Sous le técho de la cede communale : le bivouac.


Quelques maisons comme l’école, sont équipées de panneaux solaires. Les autres n’ont pas l’électricité. Ce qui n’a pas vraiment d’importance : les indigènes se lèvent et se couchent en même temps que le soleil. L’eau est acheminée depuis une source potable située à un kilomètre et demi du village. Comme le nombre d’habitants augmente, les indigènes d’Asunción vont bientôt mettre en place un nouveau système de canalisation pour capter une source au débit plus important. « Par son développement, Asunción del Quiquibey est appelé à jouer un rôle central pour les autres communautés de la région. Nous avons donc lancé plusieurs projets... Comme la construction du centre de soin. » Explique Ogan en montrant le bâtiment flambant neuf qui accueillera bientôt un médecin et du personnel médical. « Les indigènes du Quiquibey, mais aussi des communautés voisines pourront venir se faire soigner ici. Ils n‘auront plus à descendre jusqu‘à Rurrenabaque, trois heures de pirogues plus loin. »
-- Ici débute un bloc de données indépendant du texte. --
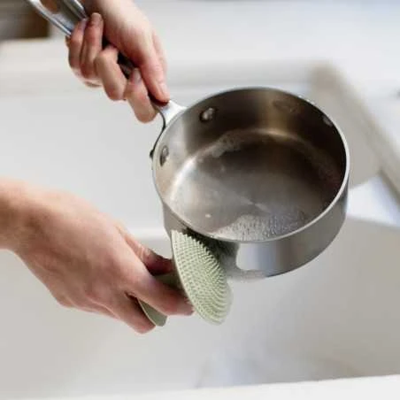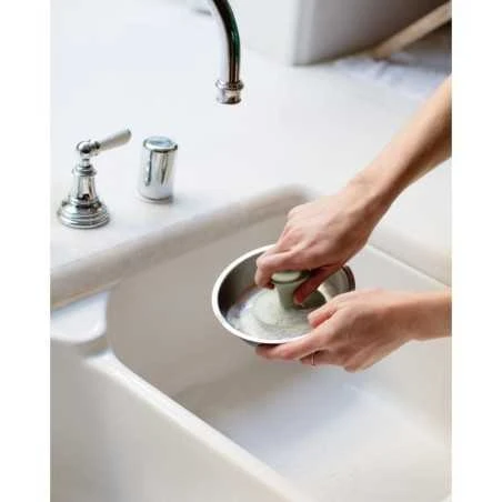 Näppärän koon ja erityisen muotoilun ansioista pesusieni pysyy kivasti kädessä ja taipuu myös astian koloihin. ezpz-astioiden omaisesti pesusieni on varusteltu imukupilla, jolloin sen saa vaikka tiskialtaan reunaan kiinni. Tämä on täydellinen väline pesemään ezpz-astiasi!

Il n’y a pas d’électricité à Asunción del QuiquibeyUne poignée de maison ainsi que l’école sont en revanche équipées de panneaux solaires. 
L’eau est acheminée par un système de canalisation depuis une source potable située à un kilomètre et demi du village.



Un autre projet cher aux habitants d’Asunción est la construction d’une auberge permettant d’accueillir des touristes au sein même du village. En pratiquant ce genre d’ouverture, les natifs espèrent avant tout se donner une importance économique aux yeux du gouvernement. Ogan est partie intégrante de cette nouvelle dynamique. Après avoir suivi l'école élémentaire à la communauté, il a étudié le tourisme à Rurrenabaque. Grâce à cette expérience, il balbutie même quelques mots d'anglais. Quand nous évoquons la venue future des touristes et les éventuelles menaces que cela entraînerait pour la tranquillité du village, Ogan coupe court à la discussion : « Notre but, c'est de garder le contrôle total sur ce projet. Dans l'idéal, nous espérons même ouvrir notre propre agence touristique en ville. »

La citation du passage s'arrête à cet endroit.